In today's fast-paced development environments, DevOps or platform teams need to ensure consistency, scalability, and efficiency in managing data pipeline deployments. Infrastructure-as-Code (IaC) tools allow teams to automate the provisioning and management of resources, reducing manual errors and enhancing collaboration across teams.
In the realm of Databricks Data Intelligence Platform, while Terraform is a predominant tool to automate cloud infrastructure creation, maintenance, and evolution, its steep learning curve became an obstacle to data practitioners (data scientists, data engineers, ML engineers) who also want to automate and scale their workloads. That was the motivation for Databricks to introduce Databricks Asset Bundles, which are increasingly being adopted across Databricks customers to build CICD pipelines and deploy project-specific resources. Databricks Asset Bundles provide users with a standard holistic way to deploy projects on Databricks. They allow user isolation during development, environment overrides for different resources as well as taking care of the different API calls needed to publish objects like code, cluster configs, and jobs. This greatly reduces the effort to deploy and manage a Databricks project in production.

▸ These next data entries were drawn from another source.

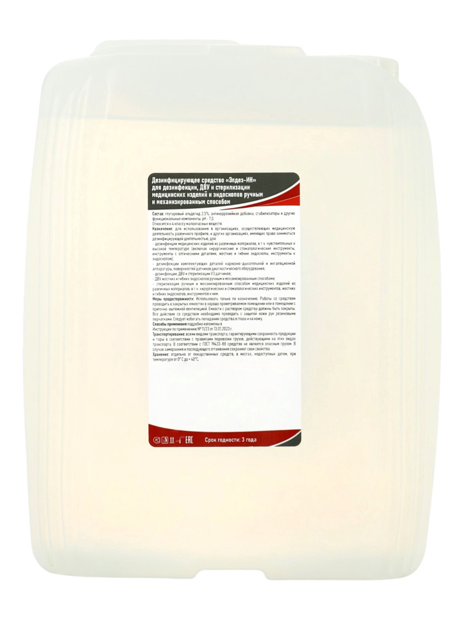 Размер упаковки: 14.5 x 25 x 18.5 см. tnved: 3808948000 Температурное ограничение: Нет Запрет реализации по сегментам: 00000000208 Форма выпуска: Жидкость Назначение: Профессиональные Вес, г/Объём, мл: 5000 Вид: Альдегидные Элдез-ИН 5 л профессиональное дезинфицирующее средство в экономичной канистре, предназначенное для глубокой дезинфекции и стерилизации инструментов и оборудования. Представляет собой готовую к применению прозрачную жидкость со слабым специфическим запахом. Основу состава составляет глутаровый альдегид (около 2,5%), обеспечивающий высокую антимикробную активность и широкий спектр действия. Описание и свойстваСредство эффективно уничтожает: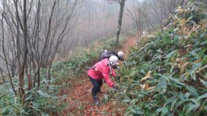 成就地区に到着し、まず第二園地周辺の下草や笹刈りを行いました。当月上旬に違う団体の方たちが下草刈りをしていたためか道中はきれいになっており、活動範囲は狭くなりましたが出来る範囲内で作業を行いました。引き続き、第一園地周辺を散策しました。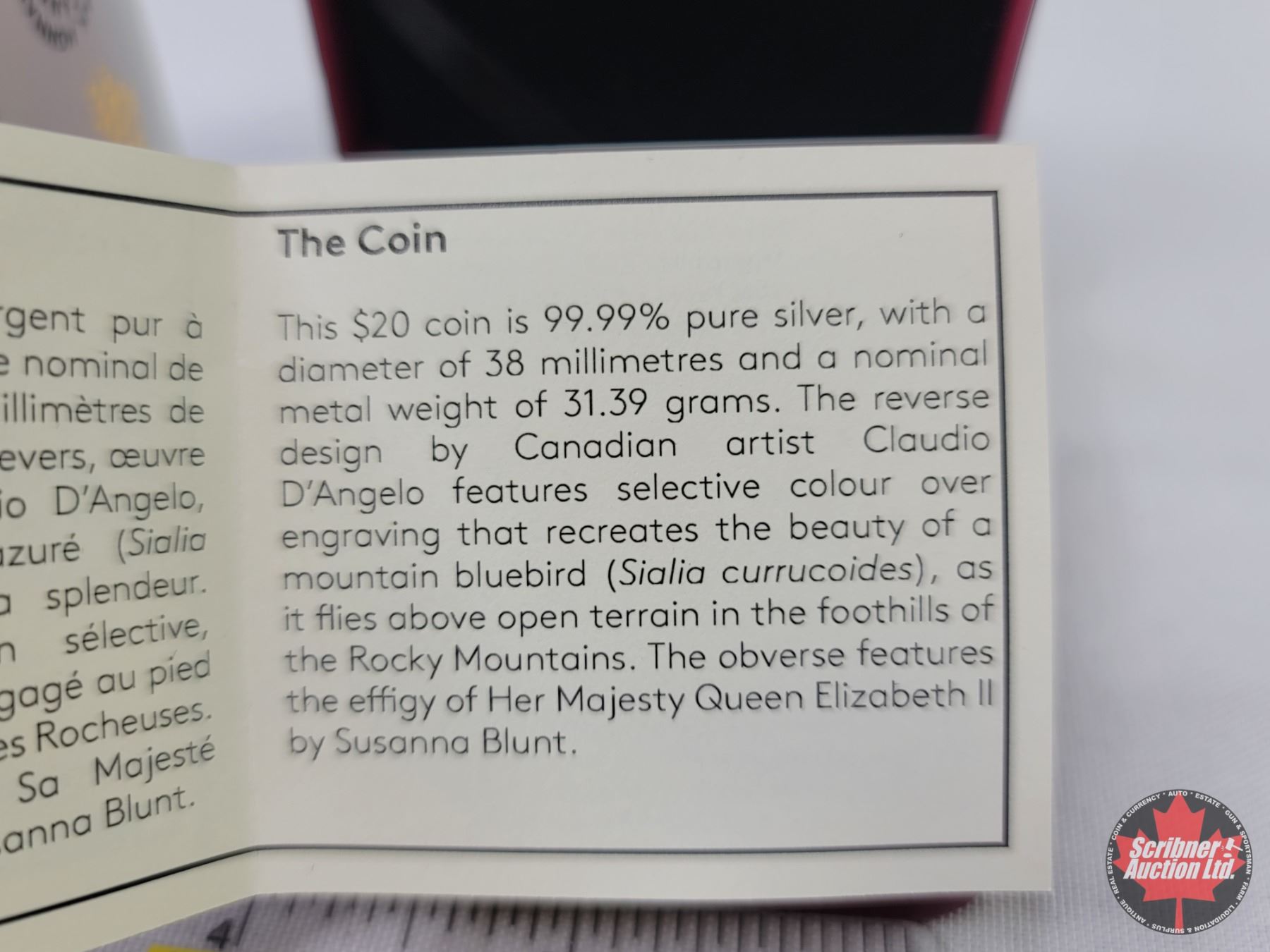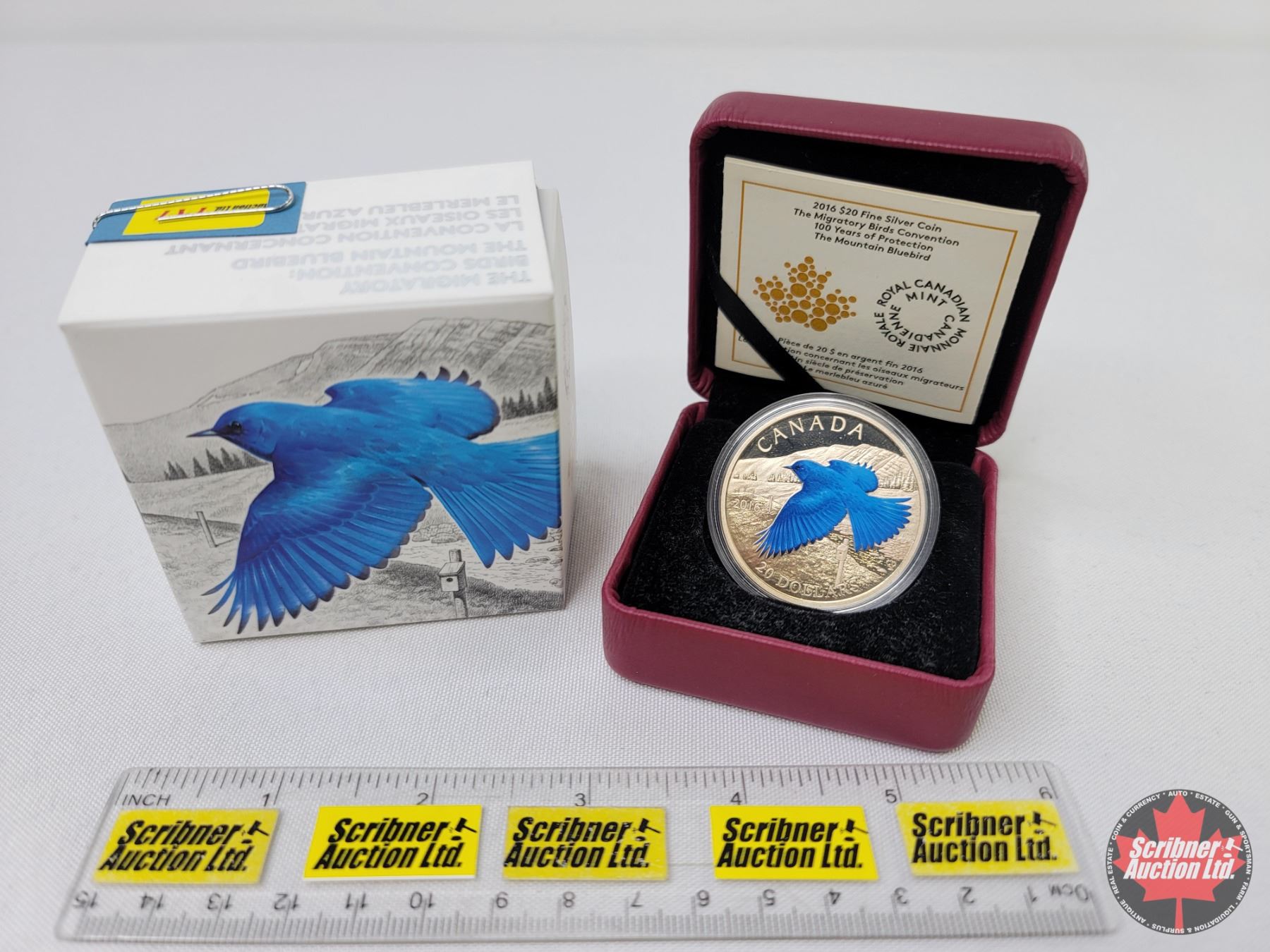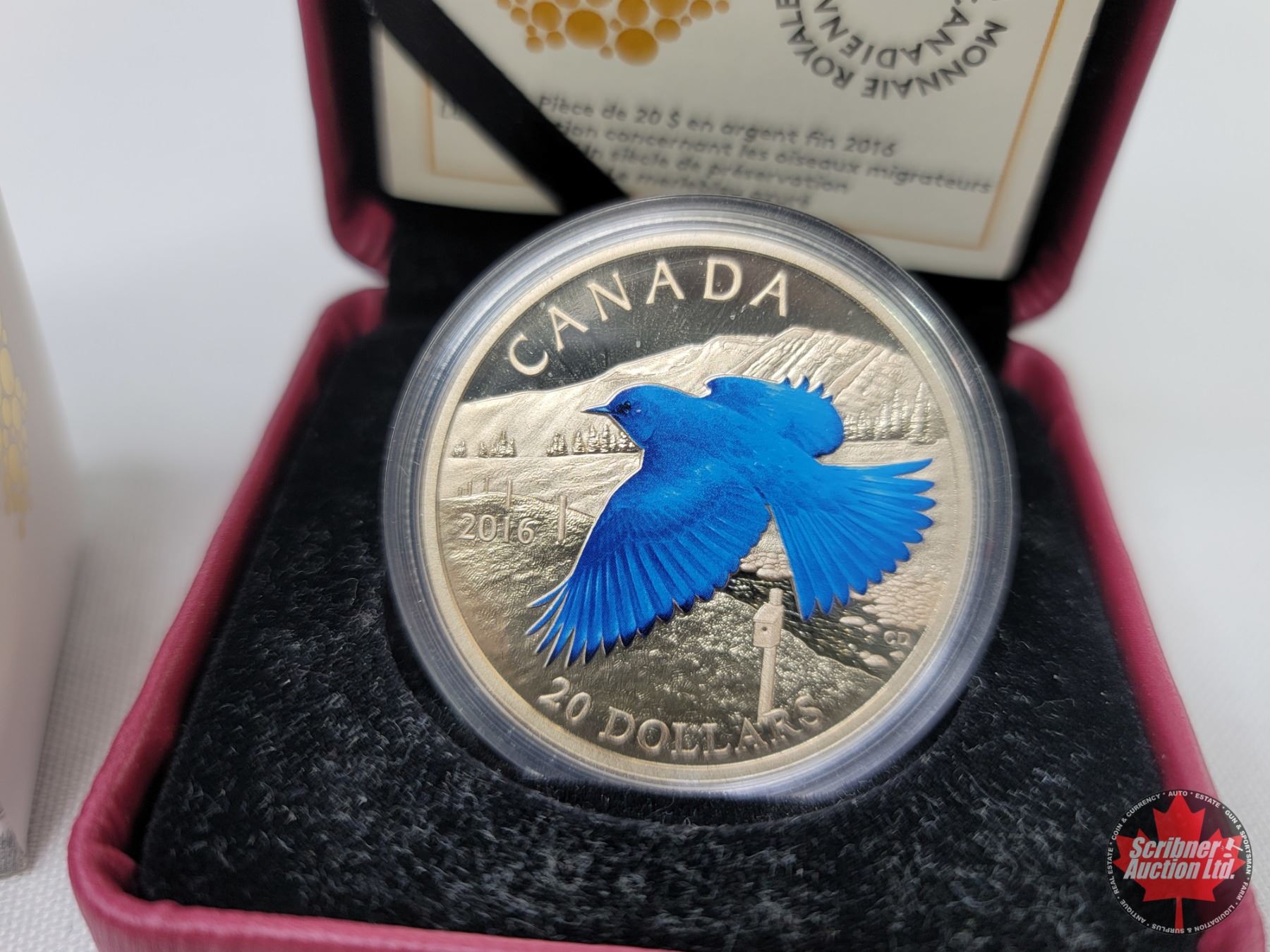 RCM 2016 $20 Fine Silver Coin ~ The Migratory Birds Convention : 100 Years of Protection ~ The Mountain Bluebird (99.99) (SEE PICS!)

This blog is to introduce the following 5 practical tricks, for targeting data practitioners who are using Databricks Asset Bundles:
To develop a bundle, we will go through a few steps, from preparing workload artifacts like notebooks to authoring a bundle configuration file. We may introduce misspellings, and syntax errors during these steps. To get quick feedback if the bundle is properly set up, we need to run the validate command, which plays a crucial role in ensuring that the asset bundles' configuration file is syntactically correct. We regularly run this command before deployment to catch any potential errors early. If the validation passes without issue, it gives us the confidence to proceed with the deploy command seamlessly.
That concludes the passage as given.